=== Begin Enclosure ===
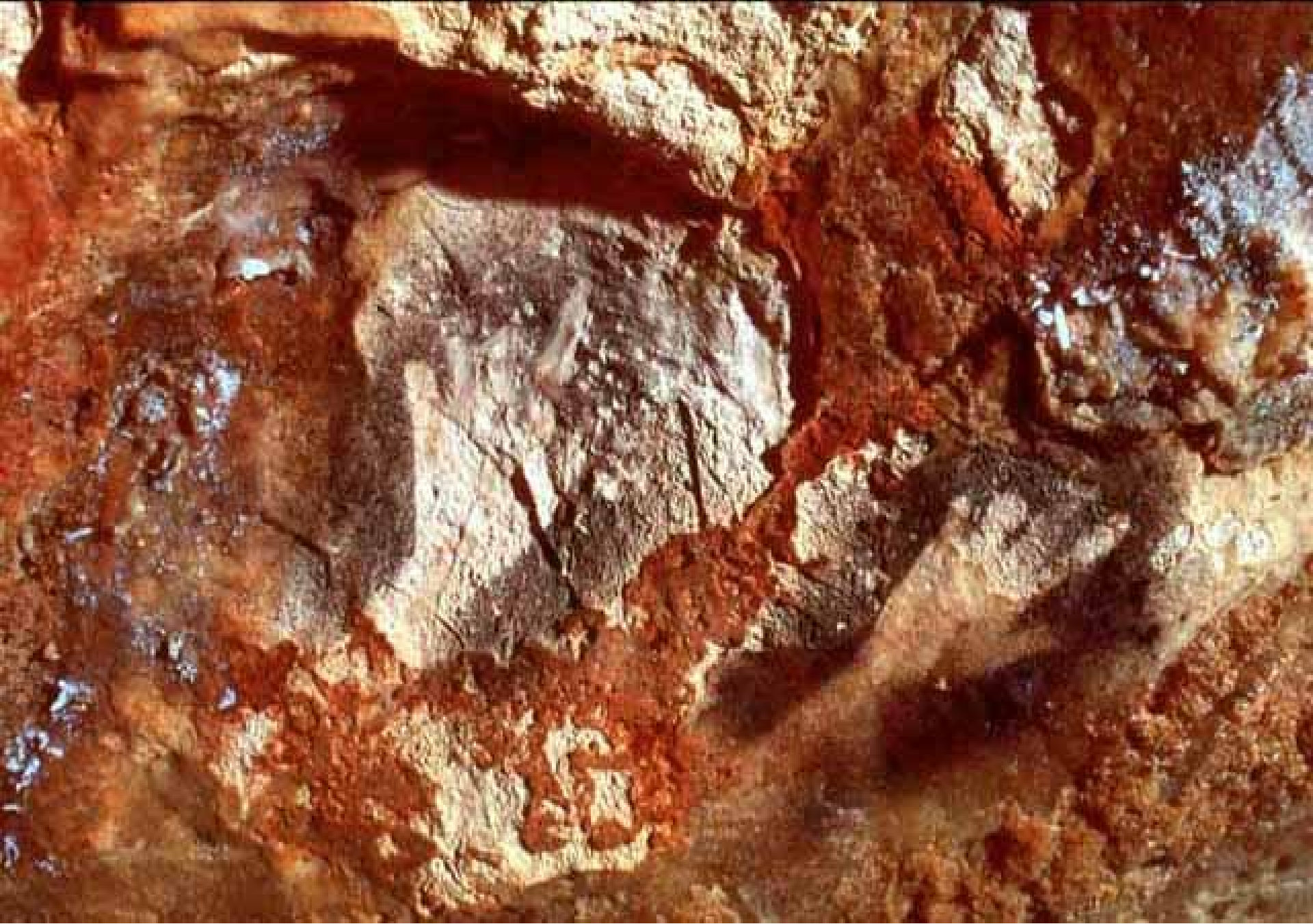
Mains négatives à doigts incomplets près du Grand Puits
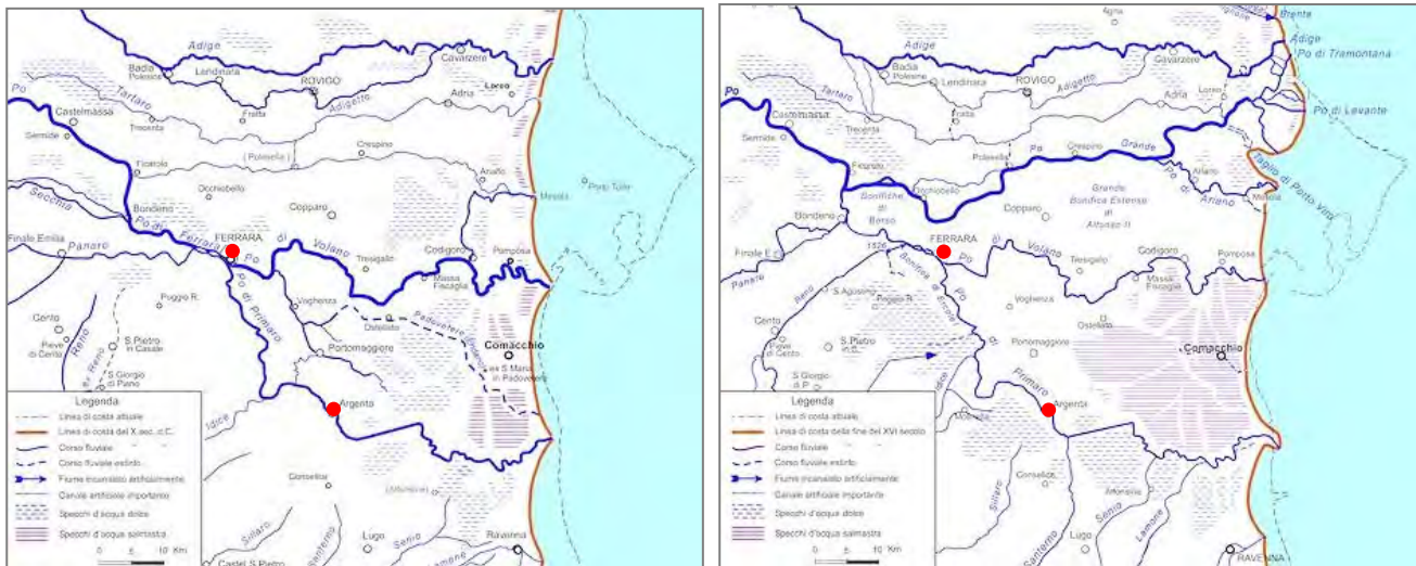
Fig. 2a – Il territorio basso-padano in epoca alto-medievale (ca. 476-1000 d.C.). Il peggioramento climatico culminato intorno al secolo VI (Diluvio di Paolo Diacono), aumenta la portata idrica al Volano e Primaro, portandoli ad essere i rami principali del Po. Alla loro biforcazione nasce Ferrara –. Fig. 2b – Il territorio basso padano in epoca basso-medievale (c.a. 1000-1492). Tra il XII e il XIV secolo i deflussi del Po si trasferiscono in un nuovo alveo, decretando la decadenza del Po di Ferrara, del Volano e del Primaro. Il cuneo salino invade i territori del Basso Ferrarese, mentre gli Estensi attuano intorno alla città le prime grandi bonifiche. Situazione del territorio al 1350
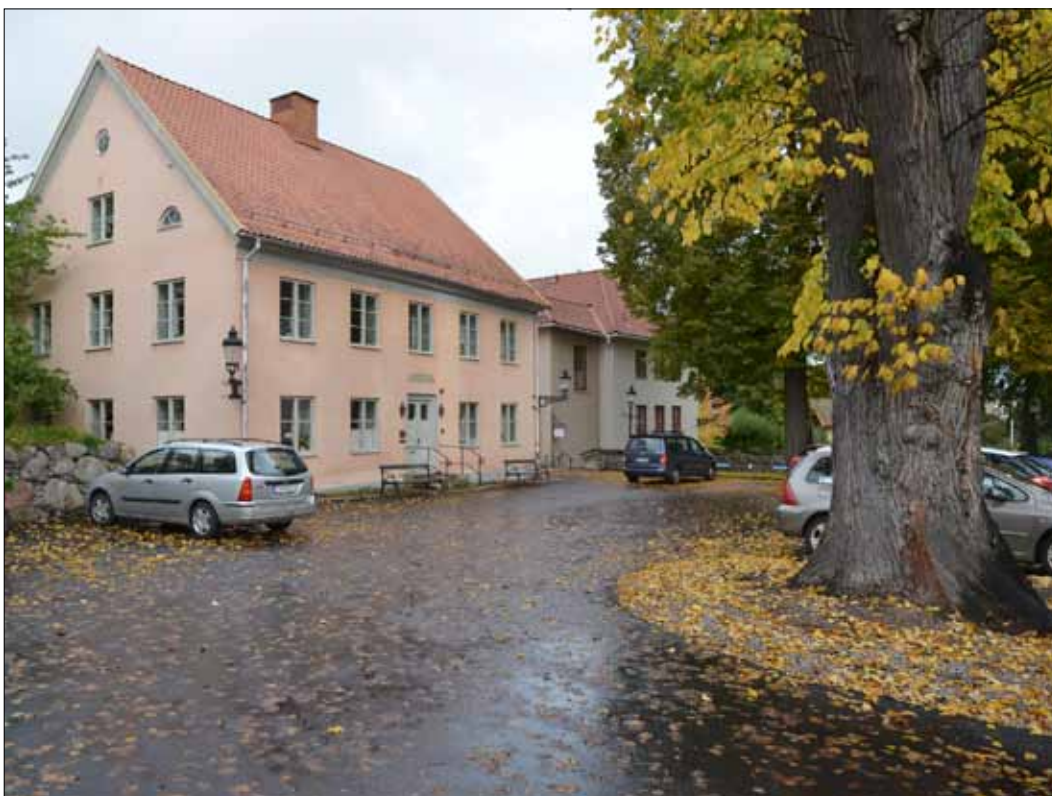
6 Parkeringsplatsen vid slutbesikningen (Slm D13-0035).
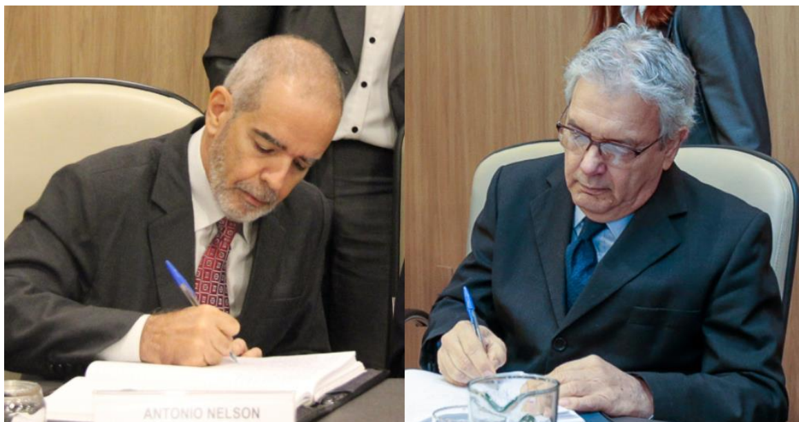
Assinatura do termo de posse.
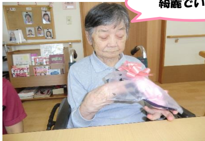
タオルもらいました
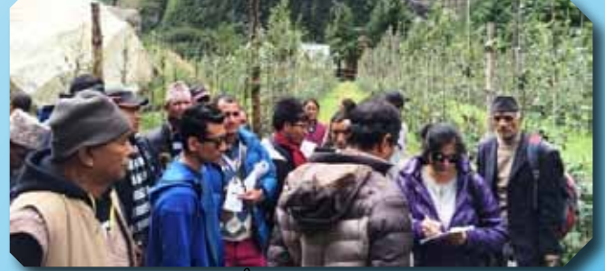
व्यवसायी अध्ययन भ्रमण, मनाङ्ग
=== End Enclosure ===
* _REQUIRED ACTION_: Print the preceding material over again exactly. Please leave the pictures out.

* _RESPONSE_:
Mains négatives à doigts incomplets près du Grand Puits
Fig. 2a – Il territorio basso-padano in epoca alto-medievale (ca. 476-1000 d.C.). Il peggioramento climatico culminato intorno al secolo VI (Diluvio di Paolo Diacono), aumenta la portata idrica al Volano e Primaro, portandoli ad essere i rami principali del Po. Alla loro biforcazione nasce Ferrara –. Fig. 2b – Il territorio basso padano in epoca basso-medievale (c.a. 1000-1492). Tra il XII e il XIV secolo i deflussi del Po si trasferiscono in un nuovo alveo, decretando la decadenza del Po di Ferrara, del Volano e del Primaro. Il cuneo salino invade i territori del Basso Ferrarese, mentre gli Estensi attuano intorno alla città le prime grandi bonifiche. Situazione del territorio al 1350
6 Parkeringsplatsen vid slutbesikningen (Slm D13-0035).
Assinatura do termo de posse.
タオルもらいました
व्यवसायी अध्ययन भ्रमण, मनाङ्ग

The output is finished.